(Dataset items)
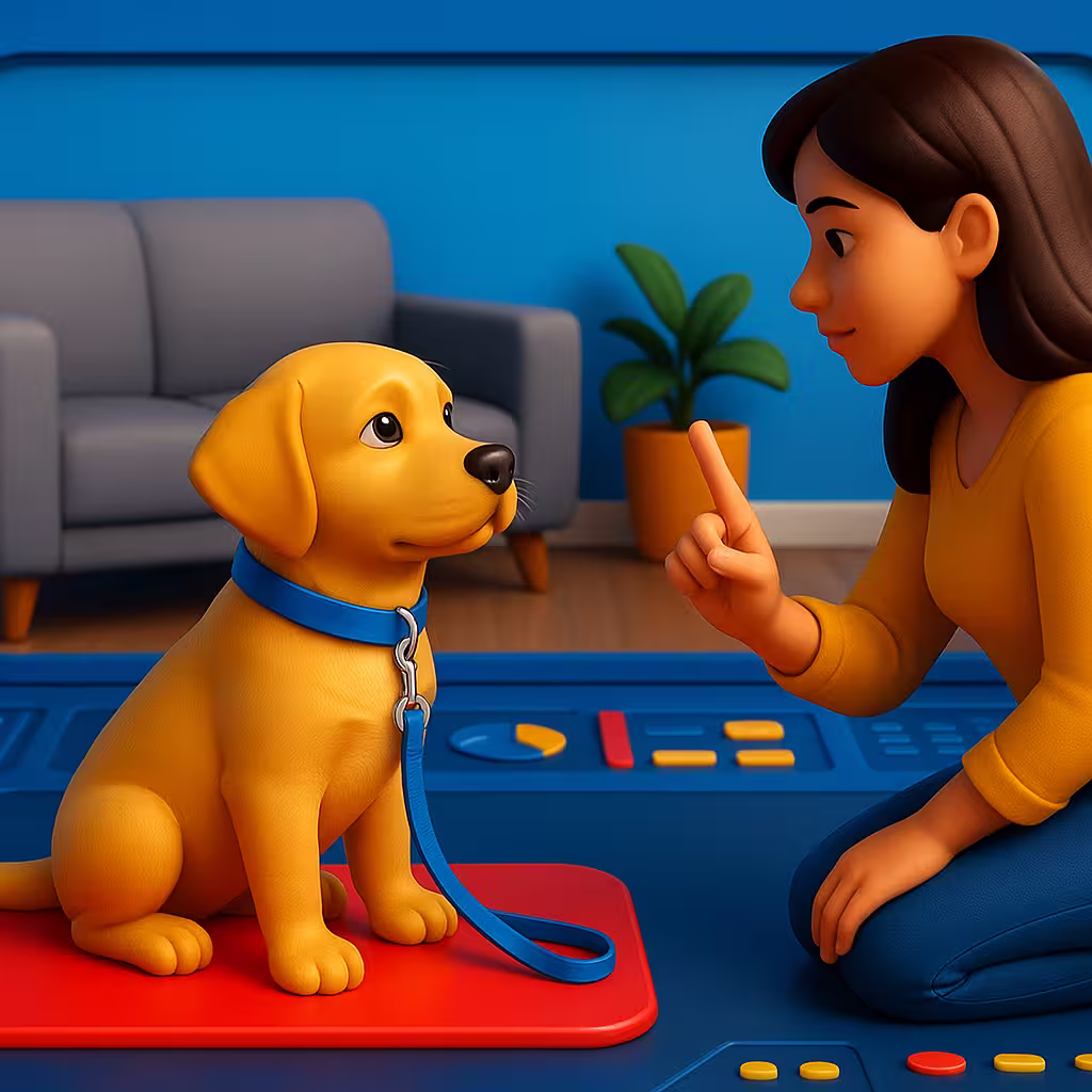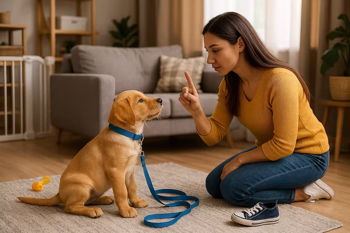 An illustrated scene of a trainer teaching a young golden puppy to stay, seated calmly on a rug indoors. The trainer gestures with a hand signal, while warm light fills the room, evoking peace and trust. This image supports the article Teaching Your Puppy to Stay. An illustrated scene of a trainer teaching a young golden puppy to stay, seated calmly on a rug indoors. The trainer gestures with a hand signal, while warm light fills the room, evoking peace and trust. This image supports the article Teaching Your Puppy to Stay.
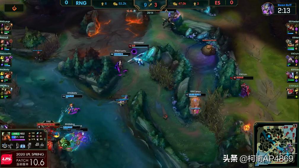而今天RNG对阵ES战队的对局中,ES没有能够延续自己在赛季之初的强悍风格,反而在输给VG之后,就像突然被人给研究透了一般,遇到RNG的两局比赛也格外的“头铁”,在没有拿到锤石盲僧的时候,头铁选择卡萨丁这个英雄,连续两局,结果在前期的时候直接失去的比赛的节奏能力,一直被RNG战队牵制鼻子走,卡萨丁两局都没有到达16级,在装备和等级还没有起来的时候,就直接被一波了比赛!
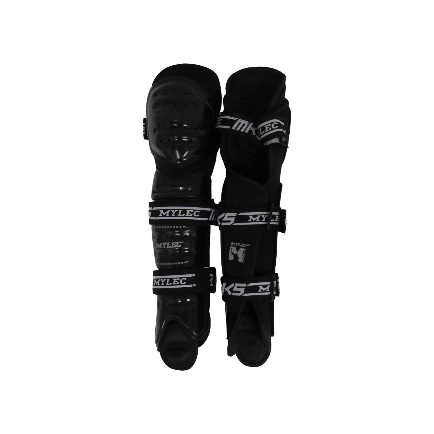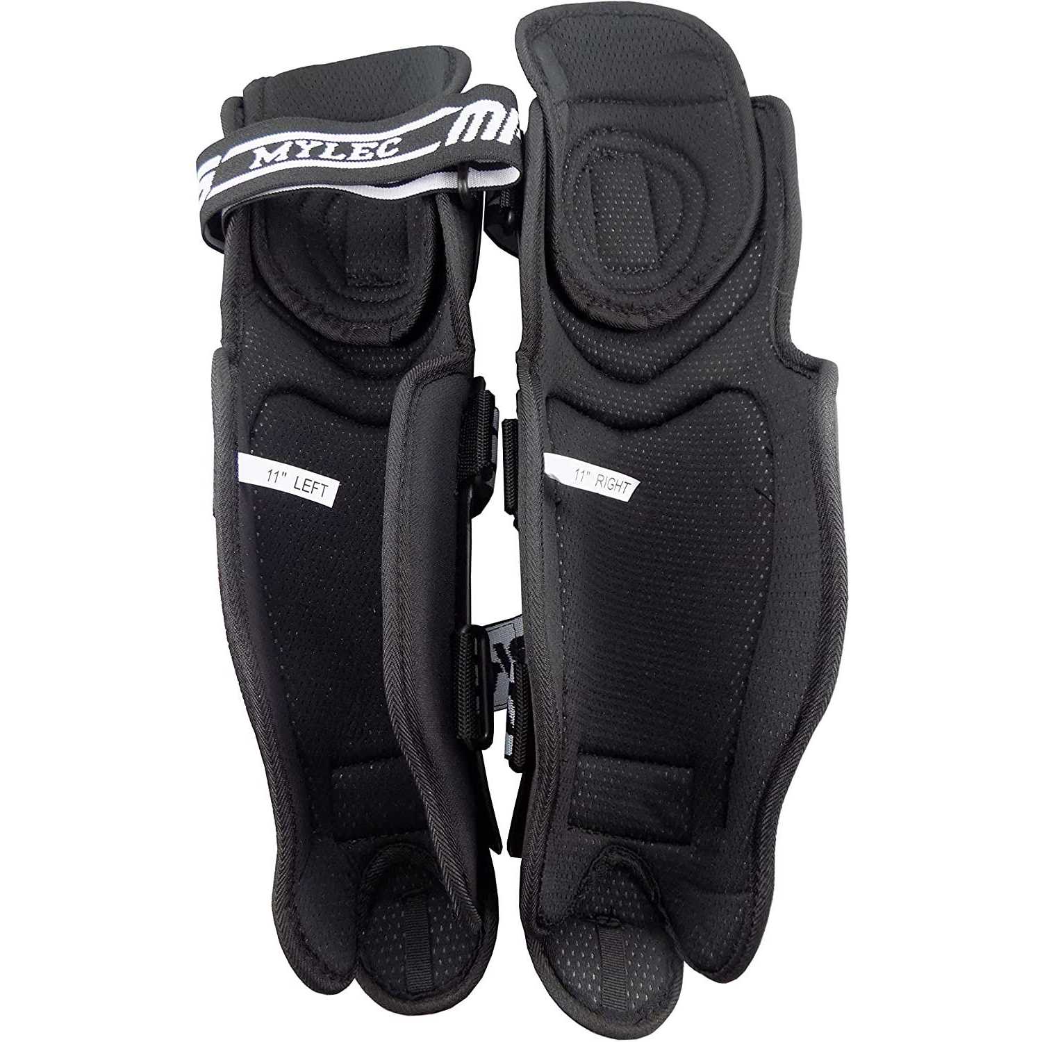 Shin Guards by Mylec. Details:A modern style shin pad that is form fitting to the shin and knee to enhance the ability of movement and protection throughout all aspects of the game. It features a lightweight & breather material along with a perforated plastic along with 3 wide 360 degree elastic straps to keep the shin pad stable and solid fitting, as well as an adjustable knee protection and additional metatarsal protection to give you the best protection for shin and knee coverage to help you perform at the highest levels.
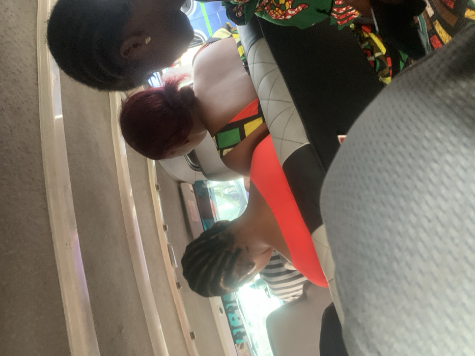 Three people occupy a vehicle, likely a bus. One person's head is visible at the top, showing short, dark hair. Another, with auburn hair pulled back, wears a colorful, patterned top. The third individual wears a striped top with a bright orange strap. The vehicle's interior includes grey seats and a white, ribbed wall with windows. The view is angled upwards.
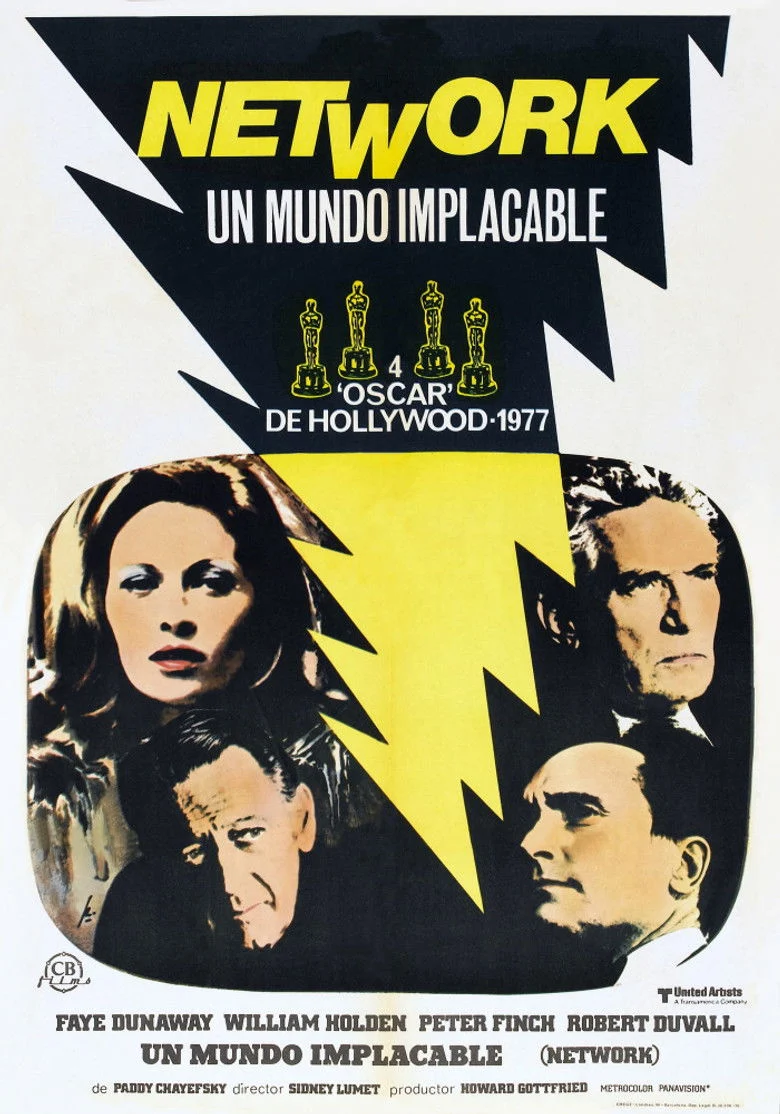 Sinopsis: Tras 25 años trabajando en una cadena, el veterano presentador Howard Beale debe abandonar su puesto por el bajo nivel de audiencia. Su jefe y mejor amigo, Max Schumacher, le da dos semanas para despedirse de los espectadores. Beale, viudo y alcohólico, queda trastocado y decide anunciar durante una emisión que se suicidará en su último programa ante las cámaras. El hecho sin precedentes provoca una gran expectación y los propios compañeros tratarán de convertir la destrucción de este hombre en un negocio rentable.

## Aim of the task
Return the line containing "Three people occupy" and every line after it through the end of the records above, exactly and nothing else, but not the pictures.

## Reply
 Three people occupy a vehicle, likely a bus. One person's head is visible at the top, showing short, dark hair. Another, with auburn hair pulled back, wears a colorful, patterned top. The third individual wears a striped top with a bright orange strap. The vehicle's interior includes grey seats and a white, ribbed wall with windows. The view is angled upwards.
 Sinopsis: Tras 25 años trabajando en una cadena, el veterano presentador Howard Beale debe abandonar su puesto por el bajo nivel de audiencia. Su jefe y mejor amigo, Max Schumacher, le da dos semanas para despedirse de los espectadores. Beale, viudo y alcohólico, queda trastocado y decide anunciar durante una emisión que se suicidará en su último programa ante las cámaras. El hecho sin precedentes provoca una gran expectación y los propios compañeros tratarán de convertir la destrucción de este hombre en un negocio rentable.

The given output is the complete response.